This is an example of a simple data structure and data dictionary that worked for a WCWH lab. It is a table in a spreadsheet that becomes a database table when uploaded. The lab used a single table with participant ID as the first column, and multiple additional columns to accommodate measured variables.
participant_id | sample_date | string_metric | integer_metric | column_name_E |
---|---|---|---|---|
P0001T | 5/1/23 | test-string | 42 | null |
P0002T | 5/2/23 | test-string | 42 | null |
P0004T | 5/2/23 | test-string | 42 | null |
P0006T | 5/2/23 | test-string | 42 | null |
P0007T | 5/1/23 | test-string | 42 | null |
P0008T | 5/2/23 | test-string | 41 | null |
P0009T | 5/3/23 | test-string | 42 | null |
P0011T | 5/3/23 | test-string | 42 | null |
P0014T | 5/1/23 | test-string | 42 | null |
P0015T | 5/3/23 | test-string | 42 | null |
The table above requires a data dictionary to define what the table itself is for, the meaning of each column heading:
Table Name | Table Definition | Field | Field Definition |
---|---|---|---|
sample table name | explanation of your table's data | participant_id | participant identifier |
-- | -- | sample_date | date of sample collection |
-- | -- | string_metric | explanation of the text in this field |
-- | -- | integer_metric | answer to the ultimate question of life |
-- | -- | column_name_E | some other description for column E |
-
All uploaded data should be deidentified
-
Your first column should be participant ID. This is a unique identifier for each participant.
-
Use the csv file format
-
Use an underscore instead of a space in column headings.
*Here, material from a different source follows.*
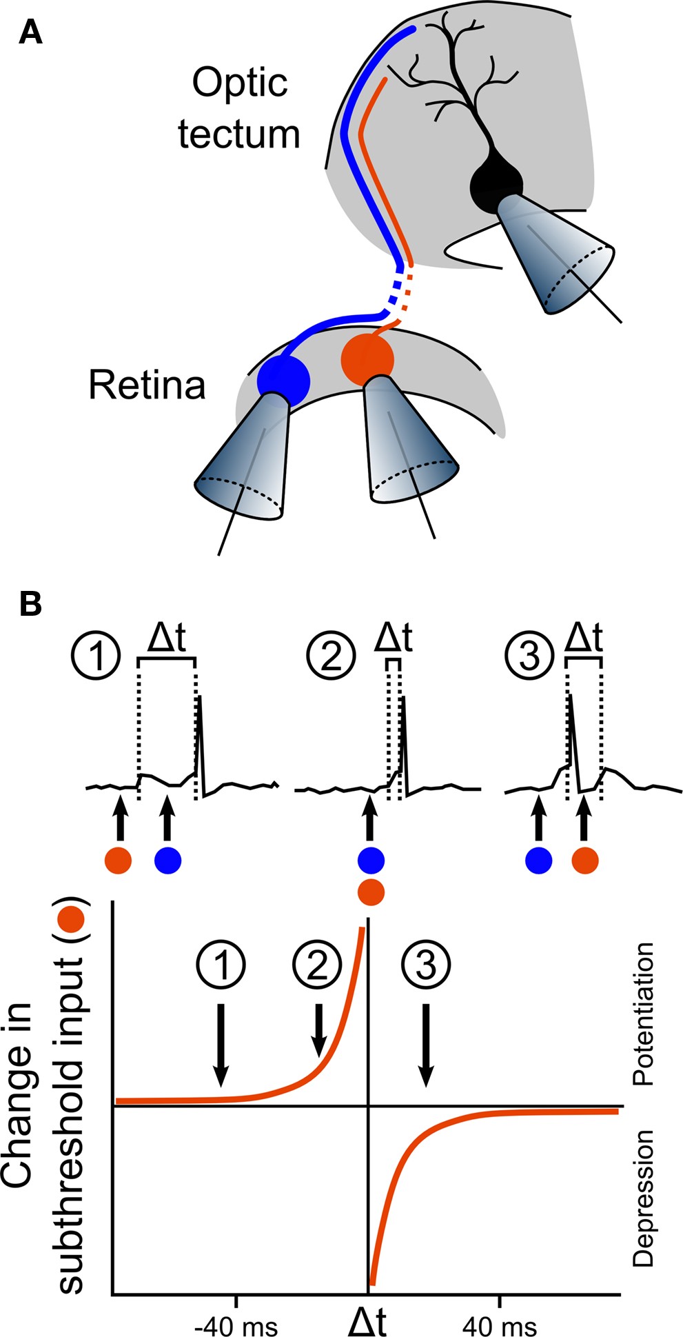 Figure 2. First in vivo observation of STDP in the optic tectum. (A) The first in vivo demonstration of STDP was performed by Zhang et al. (1998) in an elegant experiment, illustrated here. Activity from a single tectal neuron was recorded using whole-cell perforated patch, while two different RGCs that form synaptic connections onto the tectal neuron were loose-patched, allowing stimulation for induction of LTP or LTD. In some of the recordings, one RGC produced suprathreshold responses (illustrated by the blue cell), whilst the other produced only subthreshold responses (illustrated by the orange cell). (B) Analysis of the effects of the timing of the inputs showed that the effect of stimulation on the subthreshold input depended on the timing of its excitatory postsynaptic potentials (EPSPs) relative to the tectal spike that was triggered by the suprathreshold input. If the subthreshold EPSP preceded the tectal spike by more than 20 ms, the input was relatively unaffected (inset 1). However, if the subthreshold EPSP occurred within the 20 ms before the suprathreshold EPSP, and therefore just before the tectal spike, the input was strongly potentiated (inset 2). In stark contrast, if the subthreshold EPSP occurred during the 20 ms immediately following the tectal cell spike, this input was depressed (inset 3). Examination of the effects of a range of timing differences led to an estimated curve for the STDP rule in retinotectal synapses. - See more at: http://journal.frontiersin.org/Journal/10.3389/fnsyn.2010.00007/full#sthash.iocnGBhs.dpuf |

For example, “column_name” instead of “column name”
-
Column names should be descriptive and include units wherever possible
-
If gender is included as a variable and is numerically coded, then use 0 for female and 1 for male to maintain consistency with other database values.
-
Create a data dictionary explaining the meaning of each column so that other researchers understand the data.
-
Include only minimal demographic info. Adult and child demographic information is available in a separate database table.
-
Formatting (highlights, bold or italicized fonts, conditional formatting) won't be visible to others in the database.
-
Do not use merged cells. The top row (row 1) should have only the column headings of each column and no additional information. Participant ID should be the first column, and any number of additional columns to accommodate other variables.
-
Use “null” or a similar placeholder for missing values in spreadsheet rather than leaving a value blank. When downloaded from the database later, blank cells in a spreadsheet can be interpreted to be zero by some software.
-
Standardize values of none/NA/missing to a single value. Use NULL for all missing values if you don’t already have a preference. It may make sense for your group to use a combination of null and a separate identifier to make a distinction between data that is missing vs data not currently available.
-
Rename duplicate column headings in your spreadsheet (e.g. visit_one and visit_two). It may be appropriate for your group to have multiple tables (e.g. visit_one_table and vistit_two_table) rather than many near duplicate column headings in a single table.